Preparation and properties of the high-oxidation-state cuboidal [Mo4S4(H2O)12]6+ ion in aqueous acidic solutions

Abstract

Oxidation of the green mixed-valence Mo^III₃Mo^IV cuboidal ion [Mo₄S₄(H₂O)₁₂]⁵⁺ with a limited (2:1) excess of cis-[VO₂(H₂O)₄]⁺ in 2 M Hpts (Hpts = toluene-p-sulfonic acid) yields two red products. From Dowex cation-exchange chromatography, elution with 2M Hpts, these were identified as [Mo₄S₄(H₂O)₁₂]⁶⁺ and a less strongly held product with the same 6+ core but with lower (≈4+) overall charge.

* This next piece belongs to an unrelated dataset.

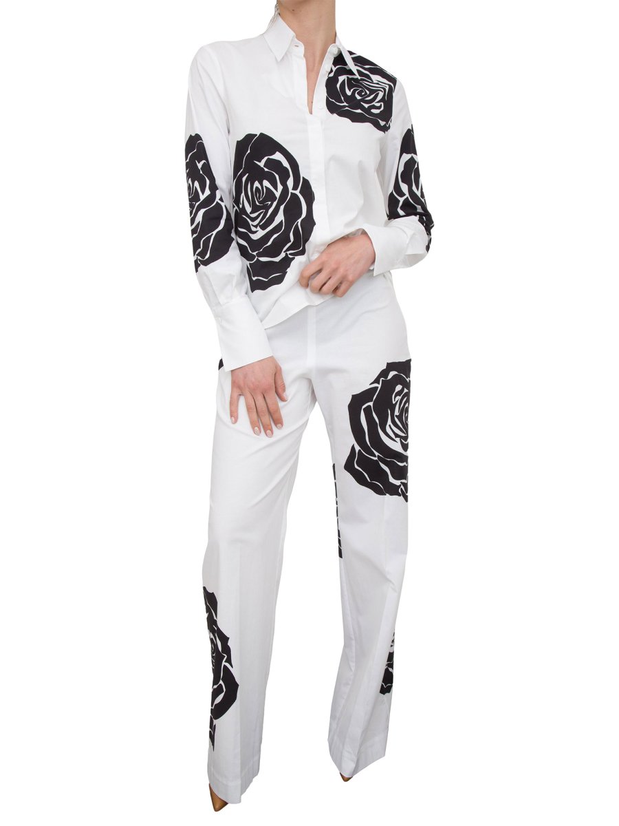 Добавьте графичности в свой стиль с помощью рубашки Blugirl из эластичного хлопкового поплина с нанесенным принтом в виде розы. Модель с классическим воротником, потайной застежкой на пуговицы, длинными рукавами, манжетами на пуговицах и классическим кроем. Сочетайте его с подходящими брюками, чтобы создать эффектный образ.

The spectrum of the latter approaches that of [Mo₄S₄(H₂O)₁₂]⁶⁺ as solution pts^– is replaced by ClO₄^– and co-ordinated pts^– is aquated (2–3 h). The reactivity of [Mo₄S₄(H₂O)₁₂]⁶⁺ was studied, including substitution and redox properties, and the tendency of the cube to fragment to the trinuclear molybdenum(IV) ion, [Mo₃S₄(H₂O)₉]⁴⁺, and (initially) monomeric Mo is noted. This property is more pronounced than with [Mo₄S₄(H₂O)₁₂]⁵⁺, and is attributed to the lower core electron count (10 e^–) and higher charge. Substitution of the 6+ ion (H₂O by NCS^–) is substantially faster than for the 4+ and 5+ cubes (factors of up to 10³), and involves in addition a conjugate-base pathway. A statistical factor of two is observed, consistent with two identical centres for substitution on the Mo^III₂Mo^IV₂ cluster. The reaction is monophasic and substitution at the Mo^IV is proposed, in which case there is no detectable substitution at the Mo^III. The stopped-flow reduction of [Mo₄S₄(H₂O)₁₂]⁶⁺ by [Ru(NH₃)₅(H₂O)]²⁺ is first order in the concentration of each reactant, and shows no unusual features. The second phase of reaction corresponds to reduction of [Mo₄S₄(H₂O)₁₂]⁵⁺ to [Mo₄S₄(H₂O)₁₂]⁴⁺. The first but not the second phase includes an [H⁺]^–1-dependent term.